• EXERCISE GOAL
When you transcribe the entries below, begin at their first line and stop after the line containing "I tillegg til"; pictures stay out.

---*---

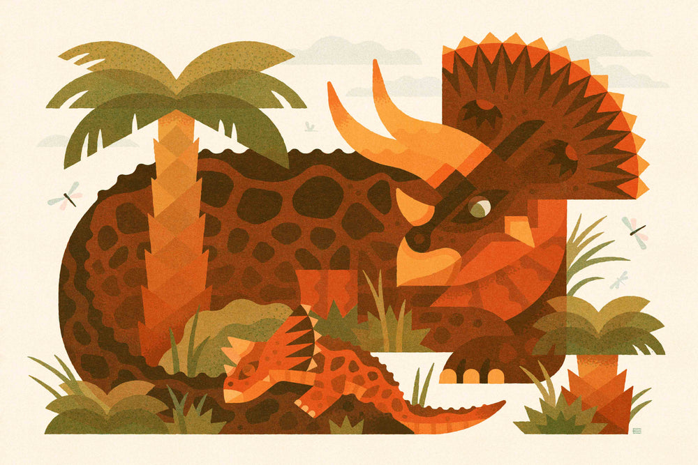 In this cute and cuddly piece, a tuckered-out Triceratops catches up on some much needed R&R. Known for its iconic frill and three-horn combo, the Triceratops was one of the gentle giants of the past. But don’t let their reputation fool you, mess with this dino mama, and she won't hesitate to give you the horns!
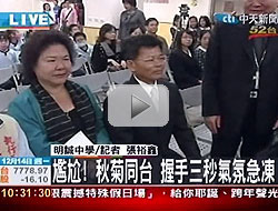 秋菊同臺 握手三秒氣氛急凍 圖片來源:臺灣《中國時報》
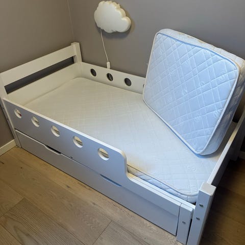 I tillegg til sengerammen medfølger en pent brukt madrass uten flekker, samt 2 stk vanntette madrassbeskyttere og 2 stk laken.
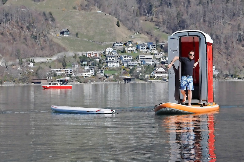 «Unser Sport ist eigentlich umweltfreundlich, weil die Stand-up-Paddler ohne Motor auskommen», sagt Michi Seliner – beim Stand-up-Paddeln steht man auf einer Art Surfbrett und beschleunigt mit einem Paddel. Trotzdem teilt er mit vielen anderen Freizeitsportlern das Anliegen, etwas für die Umwelt zu tun. So entstand die Idee, während der Hauptsaison im Sommer WC-Häuschen auf den Seen zu platzieren. In Fritz Vogel und Raphael Ziegler von der Firma VZ-Kanalreinigung in Wangen fand er Partner, die ähnlich denken und bereit waren, ihren Beitrag zu leisten.
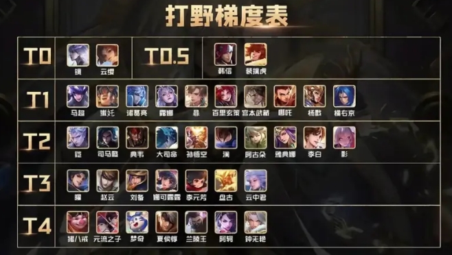打野梯队:4位T0野王,诸葛亮升至T1,上分首选云缨
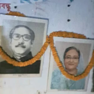 আওয়ামী লীগের পরিত্যক্ত কার্যালয়ে শেখ মুজিব ও শেখ হাসিনার ছবি টাঙিয়ে ফুলের মালা
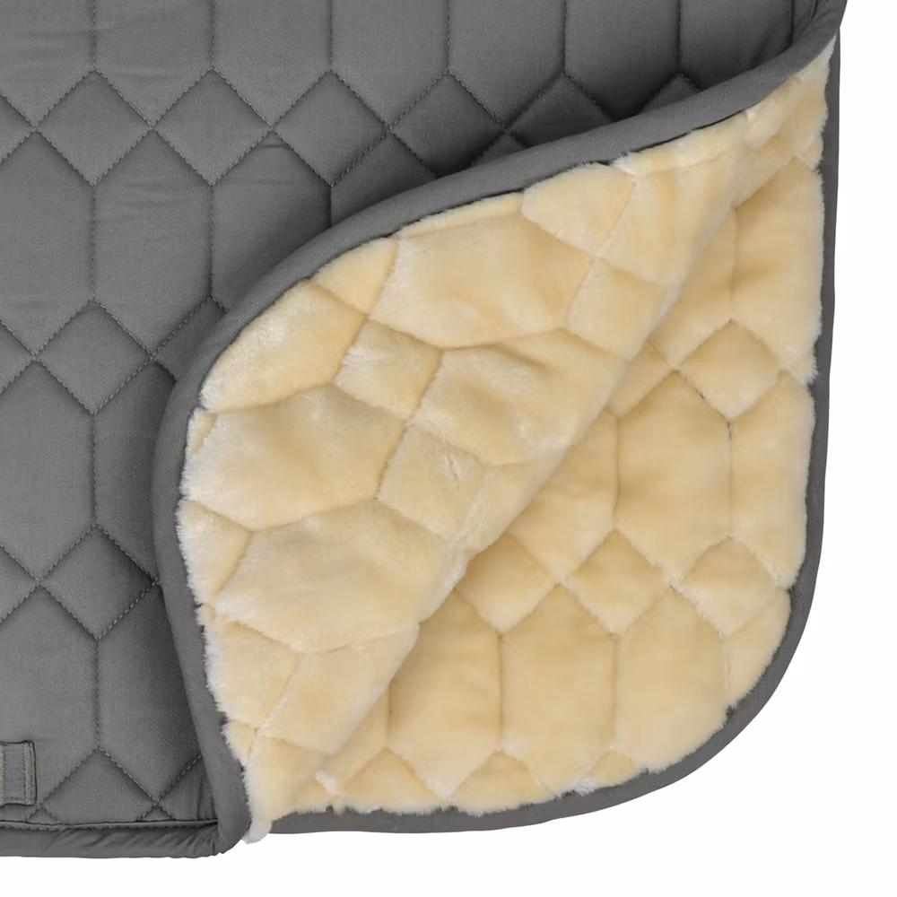 Schabrak med mysig insida i syntetiskt fårskinn. Perfekt under fällningssäsongen, och till känsliga hästar som lätt får skav. Exatron-mönster, Hansbo Sport logga vid sadelgjordsfästet och vid manken. Perfekt för egen brodyr. Storlek Full.
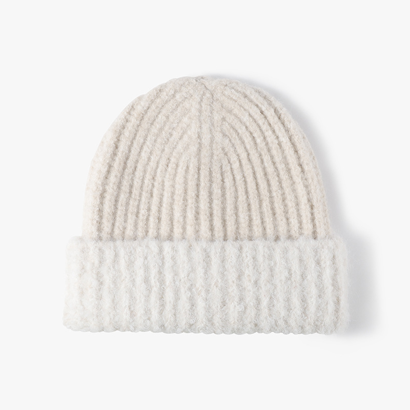 帽子女冬欧美跨境拼色保暖羊毛针织帽户外出行护耳无檐时尚毛线帽

---*---

• OUTPUT FOR THIS EXERCISE
 In this cute and cuddly piece, a tuckered-out Triceratops catches up on some much needed R&R. Known for its iconic frill and three-horn combo, the Triceratops was one of the gentle giants of the past. But don’t let their reputation fool you, mess with this dino mama, and she won't hesitate to give you the horns!
 秋菊同臺 握手三秒氣氛急凍 圖片來源:臺灣《中國時報》
 I tillegg til sengerammen medfølger en pent brukt madrass uten flekker, samt 2 stk vanntette madrassbeskyttere og 2 stk laken.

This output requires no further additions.